中京の米国製トランザーフィルターの効用。工具の品質向上ほか、多数のメリット享受。川瀬製造次長
回転工具の設備増強で6月に工具研削盤を導入。その濾過機としてトランザーフィルターを設備した。砥石や機械の寿命にも貢献できそう、と川瀬次長は語った
- 「見てください。新品の様な透明感でしょ?」‐そう言って、米国製トランザーフィルターでろ過された研削液を指さしながら川瀬敦博製造部次長は笑った。
- 今年6月、回転工具用の設備増強で、NC工具研削盤を導入し、その研削液の濾過装置として、設備された。
- 「イニシャルコストの高さを気にする人もいるようだが、たとえそうであっても、この『マイナス面』をカバーして余りあるほどのメリットがある。濾過能力の高さはもちろん、メンテナンスフリーであり、クーラントも変えることがない。工具を傷つけず、砥石も長持ちする」。
- 導入効果は期待以上「スラッジが機械に付着して、機械部品そのものを傷つけることから解放された。高い濾過能力そのものが、機械の寿命を伸ばすことに寄与するし、高い研削液をほとんど購入することなく(付け足すだけ)、使い続けられる。言わば、直接、『出銭』を減らせるメリットに通じる。すでに来年にも、もう一台米国製トランザーフィルターを設備する計画だ」そうだ。

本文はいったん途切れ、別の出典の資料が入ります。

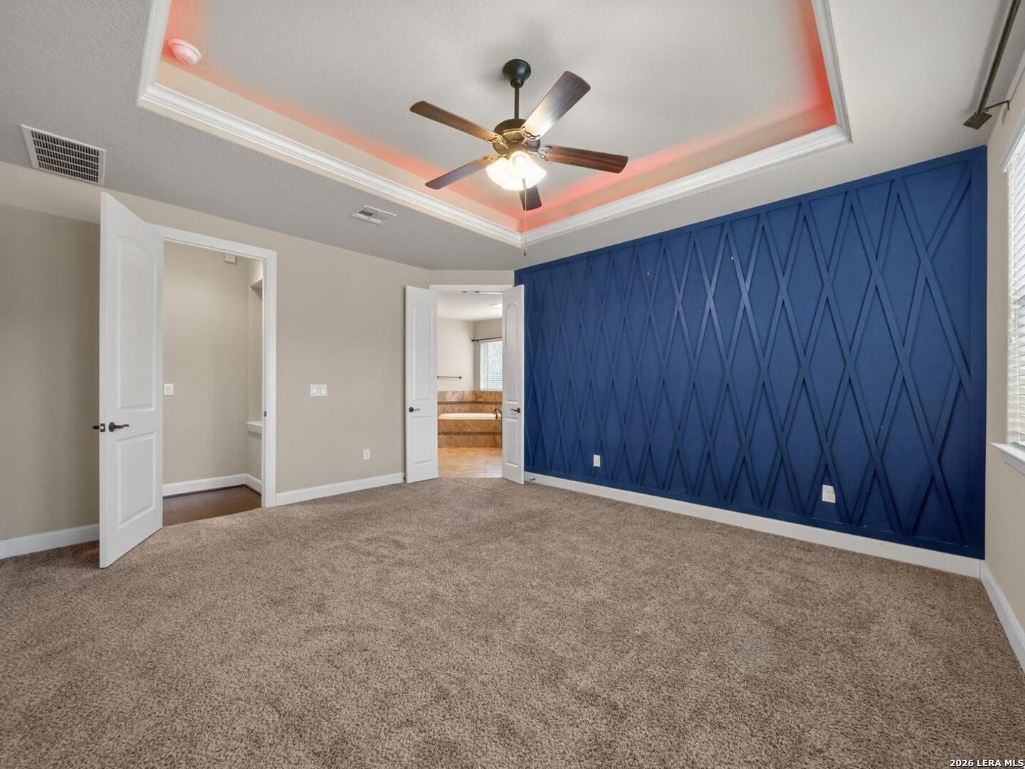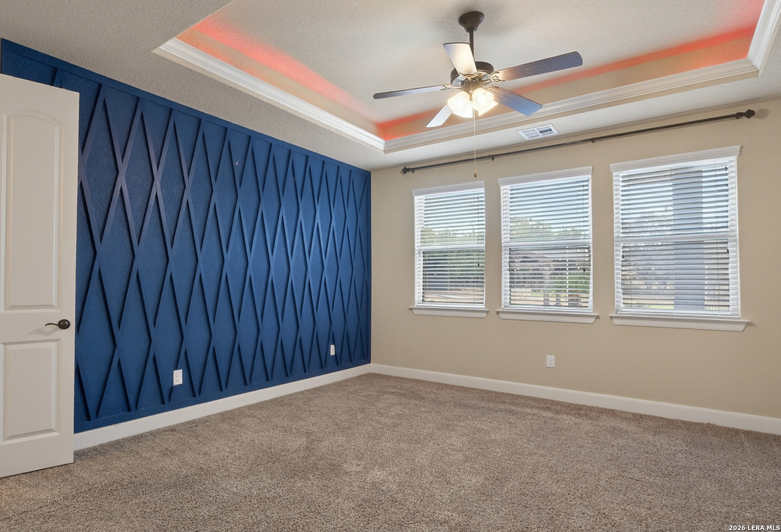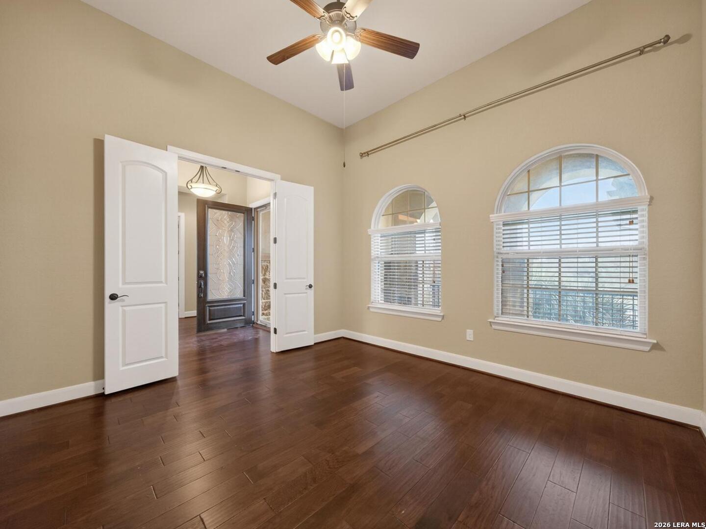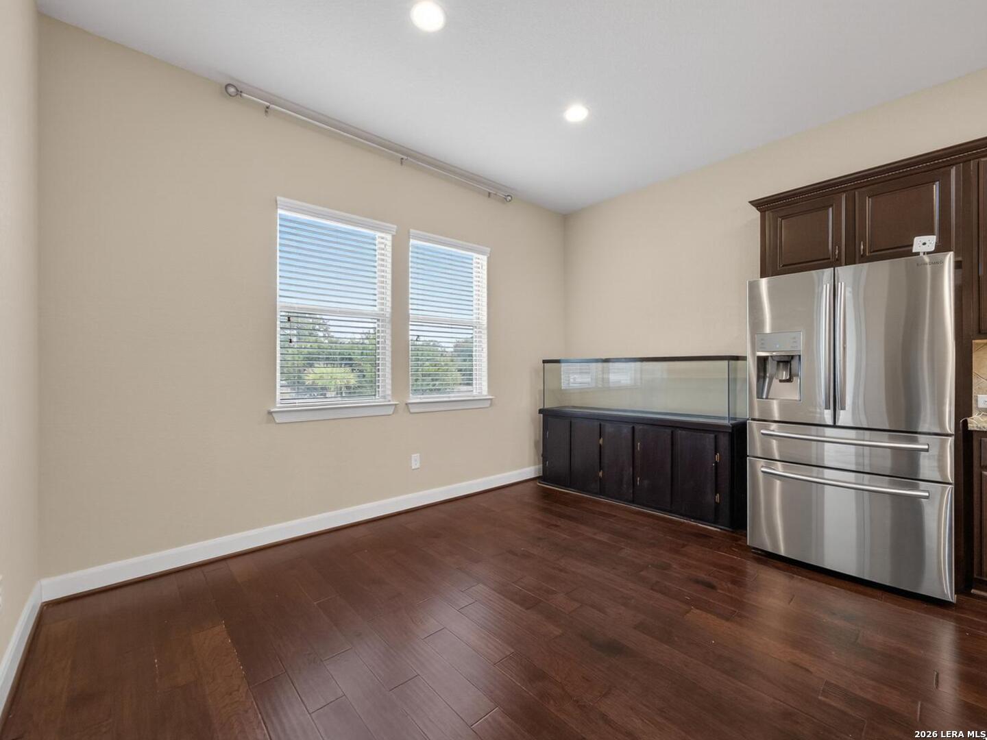 Welcome to your private 1.02 acre Texas retreat! This beautifully designed 4-bedroom, 3.5-bathroom custom home sits on a corner lot in a gated community, offering privacy, luxury, and space to entertain both inside and out, well-kept landscaping. Inside, the home features tall ceilings, crown molding, and beautiful floors throughout the main living areas. The open-concept layout includes a spacious living room with a stone fireplace and large windows overlooking the backyard. The gourmet kitchen is a dream for any chef, complete with granite countertops, dark cabinetry, stainless steel appliances, gas cooktop, and large island perfect for gatherings. Just off the kitchen, the sun-drenched breakfast area offers peaceful views of the backyard, while the formal dining room adds a touch of elegance for entertaining guests. The primary suite is a true escape, featuring a large bedroom with soft natural light and a spa-inspired bathroom with dual vanities, a soaking tub, a walk-in shower, and plenty of customized storage. Each of the additional bedrooms is generously sized, and the layout includes a private study, ideal for working from home. Step outside to enjoy your own backyard oasis. The large covered patio features a full outdoor kitchen perfect for entertaining year-round. Cool off in the sparkling in-ground pool or relax under the trees while enjoying the peaceful greenbelt view behind the home. This property blends upscale finishes, thoughtful design, and outdoor living in one incredible package. It's not just a home-it's a lifestyle!

- 現在、当該設備の稼働時間は月間、200時間以上。回転工具の需要をにらみながら、増えていく勢いにある。 中京の拠点工場である豊明工場では、自動車部品加工向けがメインを成す。
- 「EV車への対応として、チッピングレス工具を狙っていくことも念頭にある。また、数年前から航空機の分野にも、少しずつ、手がけるようになってきた」。
- 設備増強という点では、PCD工具の刃付けの仕上げ加工で、最新鋭のワイヤカットを10月に導入したばかりだ。
- 「NC機だけではなく、匠の技を駆使していくことも追求している。汎用機は20台以上、レトロフィット(改良を加えてオーバーホール)しながら、他社との差別化を図る可能性を展望している」。
- PCD、CBN工具の特殊対応で実績を積み重ねる一方、ここ数年来は標準工具の販売でも徐々に成果を挙げてきた。
- 「特にPCDエコ・へリックスは、波長の短いもの、ネジレの強いもの、樹脂対応・・・というようにバリエーションを豊富化して、ニーズに応えながら、市場を拡大させてきている」。
- 設備は、生産性アップを目指す加工方法に着手するためにも必要、との考え方を示しながら川瀬次長は「来年は一億円程度の設備投資を実行したい」とアグレッシブな姿勢を崩さない。